On Wed, May 13, 2009 at 10:35:25AM +0200, Toni Mueller wrote:

> Hi,
> 
> from a discussion around early November last year, I gather that
> OpenBSD has not much UTF-8 support right now. I am a bit unsure about
> whether having file names with UTF-8 characters are supported, though.
> I don't need to type the characters, nor see or print them, but only
> have a program like
> 
> fd = open(filename_with_utf8_characters);
> 
> succeed on a standard OpenBSD disk (FFS, if I'm not mistaken), using
> open(2) and fopen(3).

OpenBSD does not restrict or interpret filenames in any way, apart
from the obvious: / and NUL are not allowed in filenames.
So we accept funny chars in filenames, but do nothing special with them.

> 
> I'm currently debugging a third-party application that happens to want
> to use UTF-8 filenames, but doesn't seem to find them, and, FWIW, the
> file names I get with "ls" are ISO-Latin-1 encoded, anyway.
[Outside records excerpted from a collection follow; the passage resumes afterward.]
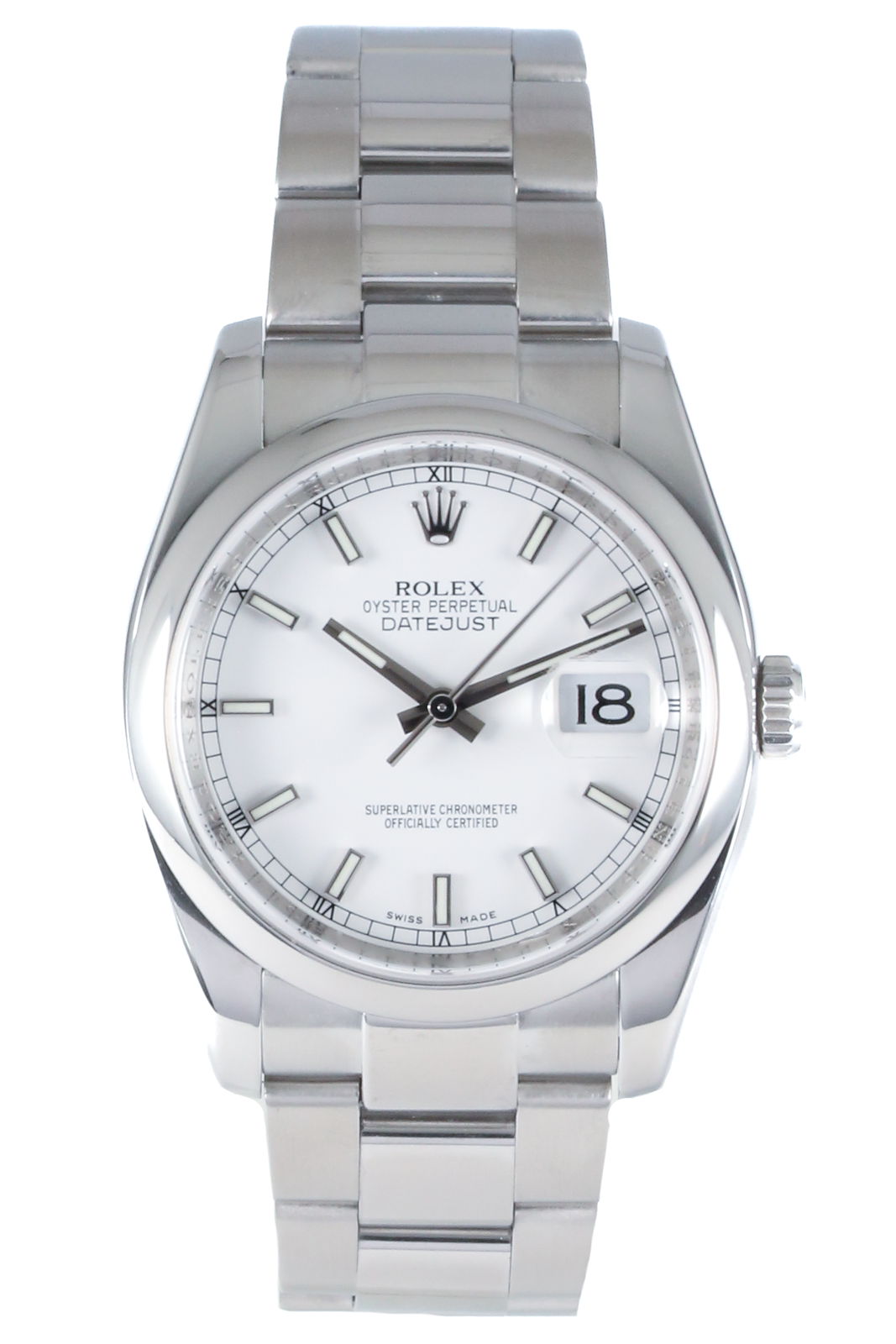 This Rolex Datejust 116200 has a white baton dial and a bracelet strap. This Rolex has undergone a thorough inspection of water resistance, accuracy, functionality and condition to determine the level of reconditioning required to meet our strict standards. It has also been referenced against technical documents and manufacturer records where available to ensure authenticity and a clean history. Our watches have a 24-month warranty for your peace of mind, in conjunction with any remaining manufacturer’s warranty from new or from service. To maintain the manufacturer’s warranty on this watch, it has not been polished in our service centre.
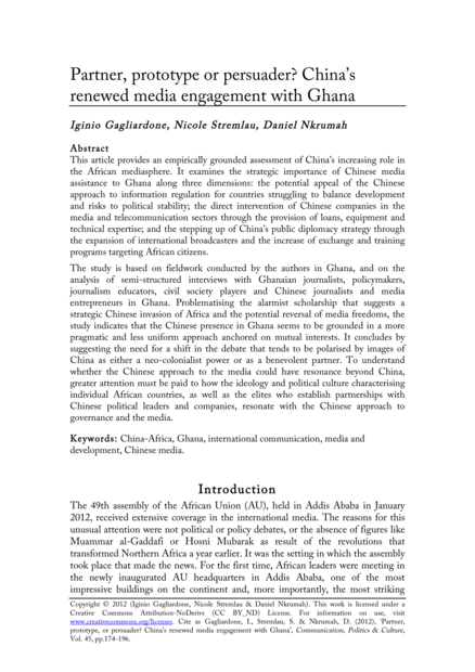 "This article provides an empirically grounded assessment of China’s increasing role in the African mediasphere. It examines the strategic importance of Chinese media assistance to Ghana along three dimensions: the potential appeal of the Chinese approach to information regulation for countries struggling to balance development and risks to political stability; the direct intervention of Chinese companies in the media and telecommunication sectors through the provision of loans, equipment and technical expertise; and the stepping up of China’s public diplomacy strategy through the expansion of international broadcasters and the increase of exchange and training programs targeting African citizens." (Abstract)
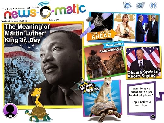 And of course we talk to kids to get their perspectives, such as with our Martin Luther King, Jr., article (posted yesterday). To be truly a kids' newspaper we need them to be a part of it. News-o-Matic aims to create a dialogue to get children writing, asking questions, and actively interacting with the news. And it's working. Kids feel like they have a newspaper just for them.
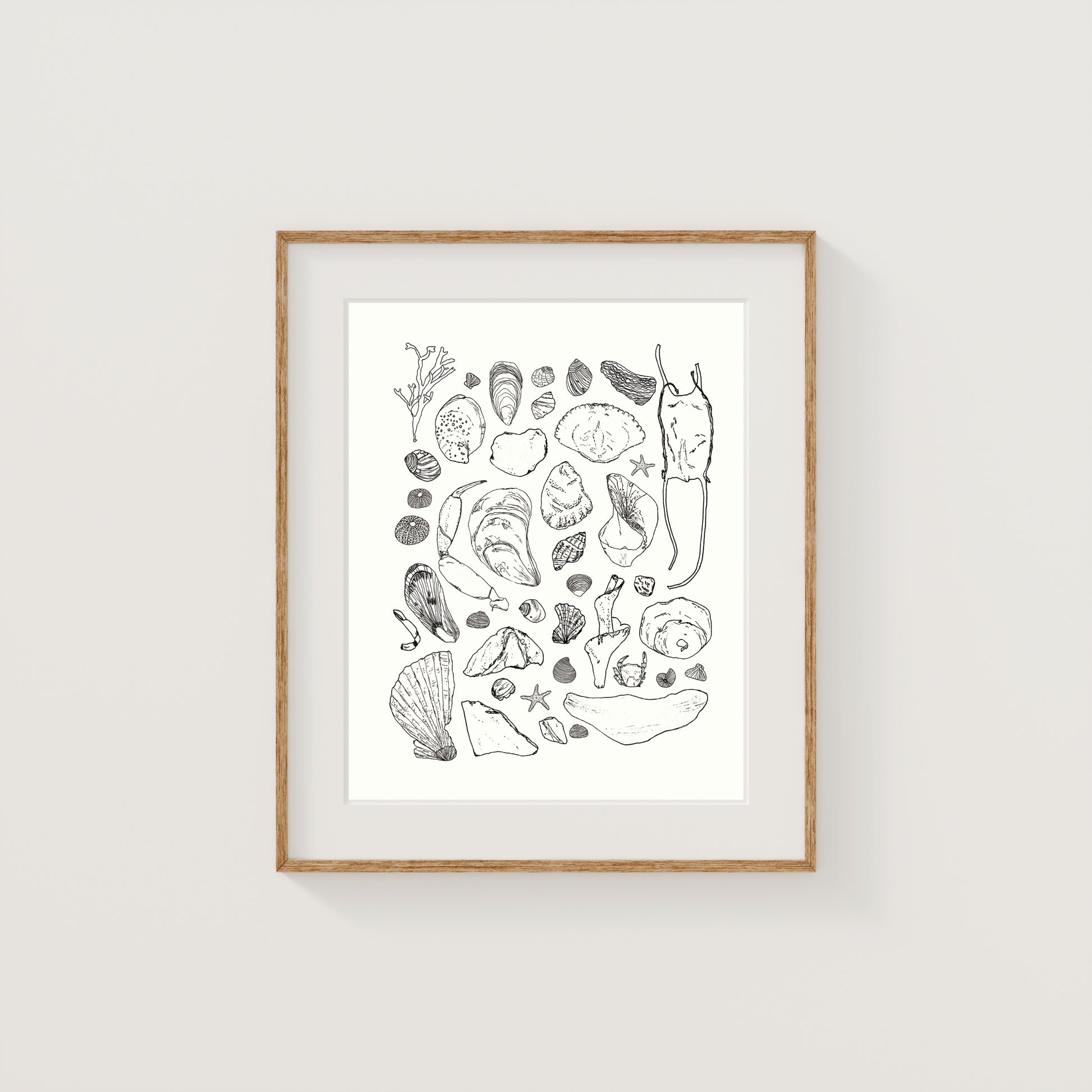 Fine art print of a collection of seashells and sea creatures, originally created with ink. Inspired by beachcombing along the shores of Cape Cod.
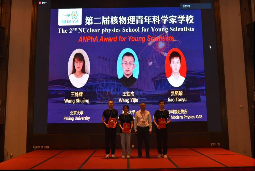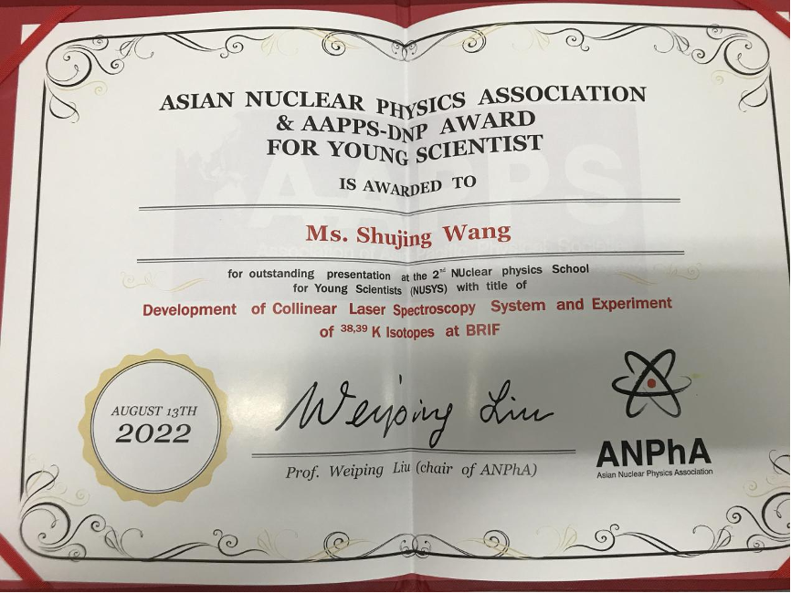 2022年8月13日,在第二届核物理青年科学家学校(NUclear physics School for Young Scientists, NUSYS)的闭幕式上,北京大学物理学院技术物理系、核物理与核技术国家重点实验室激光核谱与核性质课题组博士生王姝婧(导师为杨晓菲研究员)因在NUSYS上的优秀报告——“Development of collinear laser spectroscopy system and experiment of 38,39K isotopes at BRIF”,获得亚洲核物理联合会(Asian Nuclear Physics Association,ANPhA)青年科学家优秀报告奖,同时获此奖项的还有清华大学的王轶杰博士和中科院近物所的焦韬瑜博士。
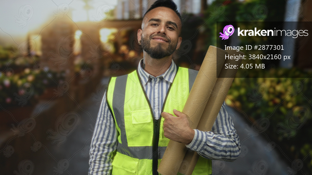 Man in neon safety vest holding rolled plans and makes ok sign on street near building and plants; confidence reliability expertise.
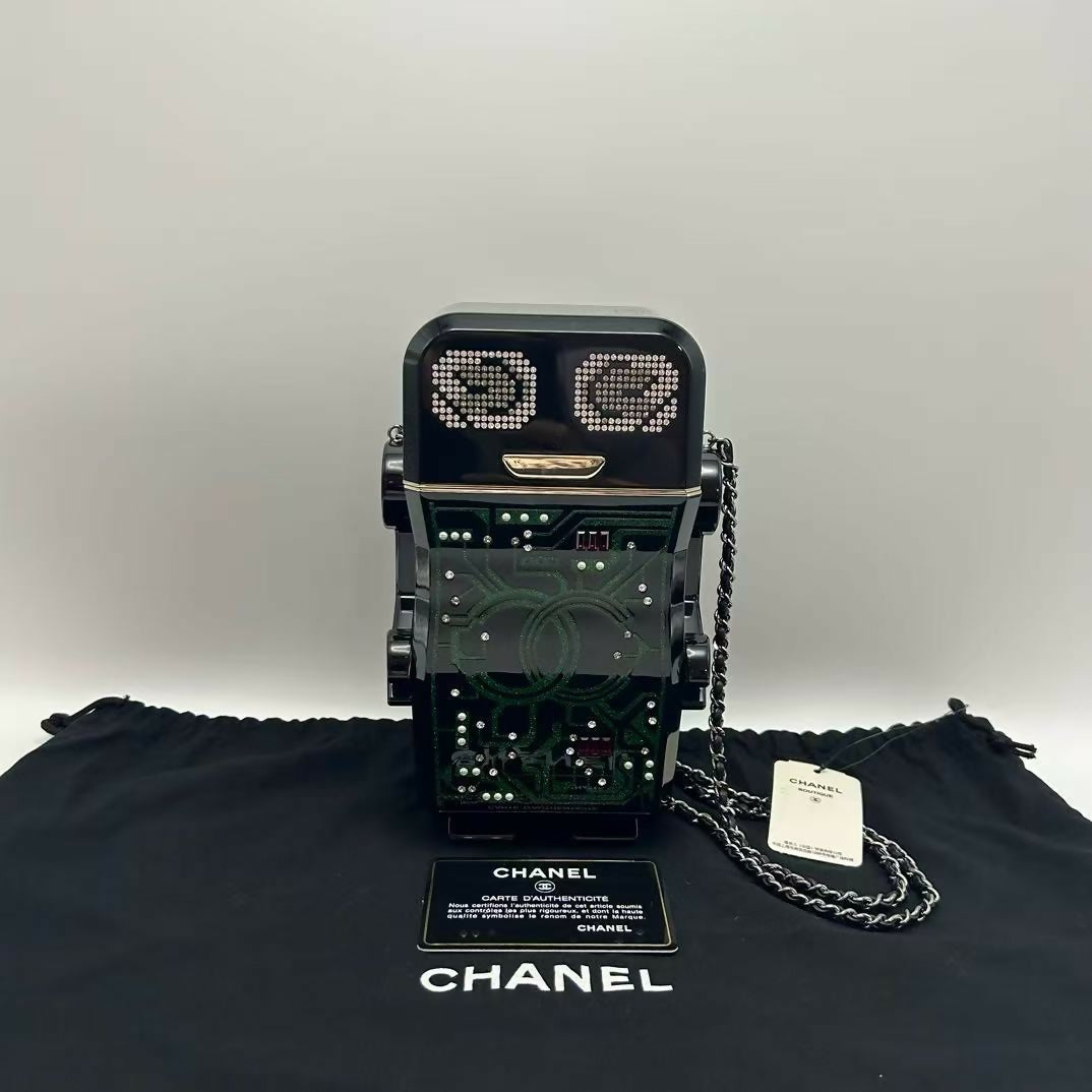 pre-owned chanel limited edition robot minaudière bag black plexiglass and crystals ruthenium hardware

I suppose hwta you are seeing depends on your terminal.

The kernel and base utilities encode nothing. Some utilities might
protect funny chars being printed on a terminal (e.g. see ls -q).

> It would be great if someone could make a definite statement about
> this issue.

The kernel and libc do not do any encoding or decoding. What third
part libs and applications do, who nows.